Обо всем этом я ей поведал; точнее, эти соображения попросту вырвались у меня. Она меня остановила? „Не стану отрицать, те же мысли иногда приходили в голову и мне, — произнесла она, — и ты сейчас выманил у меня мою тайну. Я проливала глупые слезы, и казалось, будто девичьи мечты были безоблачным утром, за которым настал пасмурный унылый день.

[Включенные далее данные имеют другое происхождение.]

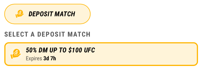 As you can see in the 'My Offers🔥' section below, the $100 bonus can be redeemed by placing $100 worth of cash bets while using the Deposit Match token (even though we deposited $200 as per the 50% deposit match).

Однако я укоряла себя за недовольство, и ты не прав, пытаясь вновь пробудить его во мне; сердце может бунтовать, но вера, философия и память о пролитых слезах не дают мне роптать; я помню, что цель существования каждого человека — не быть счастливым, а исполнять свой долг, и смысл моей жизни — исполнить мой. Так научи меня делать это более усердно, более самозабвенно, и тогда я поверю, что ты желаешь мне добра. Это правда, муж не понимает ребяческой сентиментальности моего сердца, которое слишком сильно рвется в облака и там пытается искать радость; его не восхищают мысли и чувства, которые питают меня и дарят счастье. Его натура сильная, суровая и не столь восприимчивая; он менее охотно сопереживает и сочувствует. Но если мне и приходилось скучать по нашим с тобой оживленным и воодушевляющим беседам, так как общение с ним не дарило того же, теперь ты вернулся, ты снова подарил эту радость, и я уже не чувствую, что ее лишена; теперь моя жизнь полноценна“.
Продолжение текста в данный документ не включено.